▸ WHAT YOU WILL DO: Output the data below exactly as it is, dropping the pictures from your copy.

*** DATA Section Begins ***

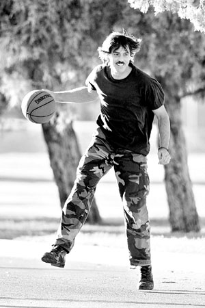 北京時(shí)間今天凌晨,驚悚片《以眼殺人》拍攝間隙,幾名工作人員在離片場(chǎng)不遠(yuǎn)的一個(gè)球場(chǎng)上練習(xí)投籃。穿著迷彩服、軍靴,戴著假發(fā)(他在片中飾演一名秘密特工)的克魯尼也聞聲而至。“嗨,伙計(jì)們,讓我來(lái)一個(gè)!”
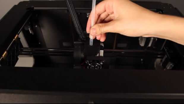 - Encuentra el tubo de plástico transparente (en la caja de accesorios) y enrósquelo en el agujero encima de la extrusora
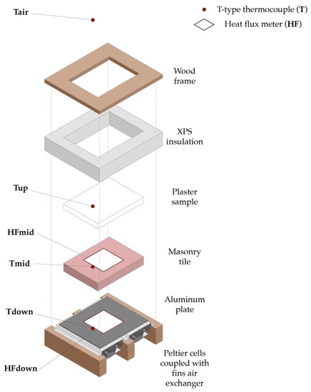 An experimental set up was realized to carry out the tests in a climatic chamber and is depicted in Figure 2. It is made of a 0.20 × 0.15 × 0.020 m3 plaster sample and a 0.20 × 0.15 × 0.028 m3 masonry tile positioned on a 0.003 m aluminum foil under which four Peltier cells are fixed. These are coupled with finned air exchangers and small fans in order to dissipate the heat on the warmer side. Moreover, a frame of XPS was added on the vertical surfaces to limit heat transfer on the edges and wooden elements are used to stiffen the set up. All the tests were taken in a climatic chamber [37] where temperature and heat flux sensors were used for the monitoring activity. T-type thermocouples (accuracy: 0.5 K), and heat flow plates (accuracy: 5% at 23 °C) were connected to a datalogger [38] through which data were acquired each 30 s. On both the surfaces of the masonry tile, shallow indentations were realized in order to allocate the heat flux sensors, so that their thickness would not affect the measures. Moreover, some thermal paste was applied in correspondence with each layer to limit the contact resistance as much as possible.

*** DATA Section Ends ***

▸ EXERCISE ANSWER:
 北京時(shí)間今天凌晨,驚悚片《以眼殺人》拍攝間隙,幾名工作人員在離片場(chǎng)不遠(yuǎn)的一個(gè)球場(chǎng)上練習(xí)投籃。穿著迷彩服、軍靴,戴著假發(fā)(他在片中飾演一名秘密特工)的克魯尼也聞聲而至。“嗨,伙計(jì)們,讓我來(lái)一個(gè)!”
 - Encuentra el tubo de plástico transparente (en la caja de accesorios) y enrósquelo en el agujero encima de la extrusora
 An experimental set up was realized to carry out the tests in a climatic chamber and is depicted in Figure 2. It is made of a 0.20 × 0.15 × 0.020 m3 plaster sample and a 0.20 × 0.15 × 0.028 m3 masonry tile positioned on a 0.003 m aluminum foil under which four Peltier cells are fixed. These are coupled with finned air exchangers and small fans in order to dissipate the heat on the warmer side. Moreover, a frame of XPS was added on the vertical surfaces to limit heat transfer on the edges and wooden elements are used to stiffen the set up. All the tests were taken in a climatic chamber [37] where temperature and heat flux sensors were used for the monitoring activity. T-type thermocouples (accuracy: 0.5 K), and heat flow plates (accuracy: 5% at 23 °C) were connected to a datalogger [38] through which data were acquired each 30 s. On both the surfaces of the masonry tile, shallow indentations were realized in order to allocate the heat flux sensors, so that their thickness would not affect the measures. Moreover, some thermal paste was applied in correspondence with each layer to limit the contact resistance as much as possible.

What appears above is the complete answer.